On their way to Jerusalem, Paul and his traveling companions came to Caesarea and stayed in the home of Philip. Philip was an evangelist in that city and was also one of the seven originally chosen to serve in the daily distribution of food among the saints (cf. Acts 6). Also, this was the same Philip whose evangelistic successes in Samaria were recorded in Acts 8. Luke informs us that Philip has four daughters who were virgins (which is an indicator of their moral purity) and they also prophesied (which is an indicator of their spiritual ability). In addition to being a faithful evangelist, Philip is also a godly father. To raise four children to young adulthood (at least) and they all be sexually pure and spiritually active in the church is a testament to a good upbringing. Lest there be any confusion here, the text does not state that these women prophesied to men (which would have been a violation of I Tim. 2:11,12). Although women are not allowed to teach or have authority over a man, this does not prohibit women from teaching other women and children. Surely these daughters of Philip were active prophetesses among that demographic (cf. Acts 2:17).

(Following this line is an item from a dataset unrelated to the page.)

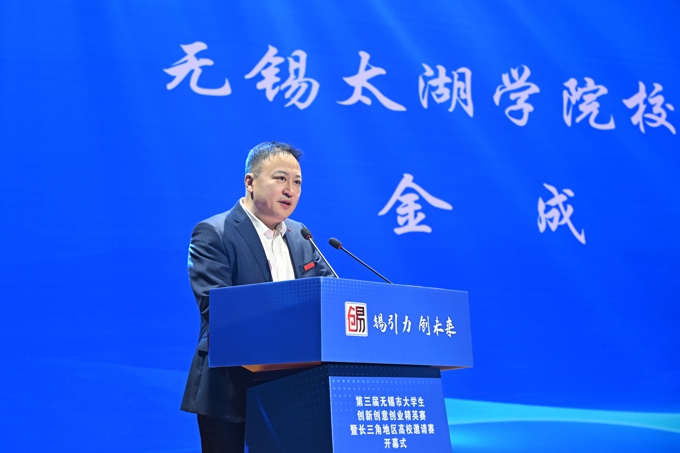 金成简要介绍了学校近年来创新创业教育所取得的成就。他表示,作为承办单位之一,太湖学院将以此次大赛为契机,进一步加强与政府、企业和兄弟高校之间的协同,助力广大学生将创意转化为现实、让梦想照亮未来。他希望,参赛团队和师生以创新点燃梦想、勇立时代潮头,以实践锤炼本领、厚植成长根基,以担当服务社会、书写青春华章。
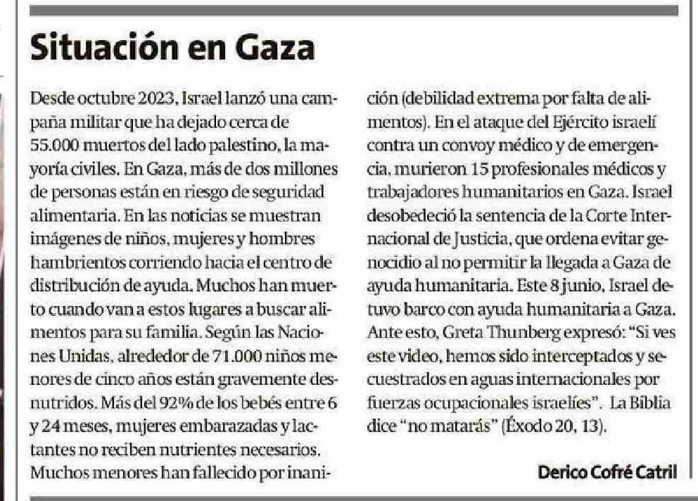 Cartas: Situación en Gaza 12-06-2025 La Estrella de Chiloé |

There is still time before Pentecost, so they remain in Caesarea a number of days. On one day a prophet from Judea, named Agabus, travels to Caesarea and issues another warning against Paul (cf. Acts 11:27,28). If Paul comes to Jerusalem, Agabus affirms (by inspiration) that the apostle will be bound and turned over to the Gentiles. Agabus makes his message even more memorable by physically using Paul's belt to tie up his own hands and feet, symbolic of what would befall Paul in Jerusalem.
Everyone believes Agabus' message to be accurate (and it does come true, as Luke will soon record). All the disciples (including Paul's traveling companions) plead with him to stay away from Jerusalem. Likely they suggested that others could go in his place and accomplish what he intended to do. Paul responds similarly to how he did previously. His mind is made up, and he asks - "What do you mean by weeping and breaking my heart?" He then affirms - "I am ready not only to be bound, but also to die at Jerusalem for the name of the Lord Jesus." Paul will not yield, but why? Why is Paul so determined to go to Jerusalem when warning after warning is given? Admittedly, it is difficult to comprehend. Although I am not among the number of those who believe Paul was actually sinning by going up to the city, some affirm that the great apostle is in rebellion to the Holy Spirit on this matter. I tend to disagree for reasons cited in the prior lesson, though presenting a rock-solid case against such a possibility is a challenge.
Finally, the brethren, who see that Paul will not budge this time (cf. 19:30), stop trying and affirm - "The will of the Lord be done." Some have observed that a lot of us are like these brethren--settling for the Lord's will to be done when we finally realize that ours won't be!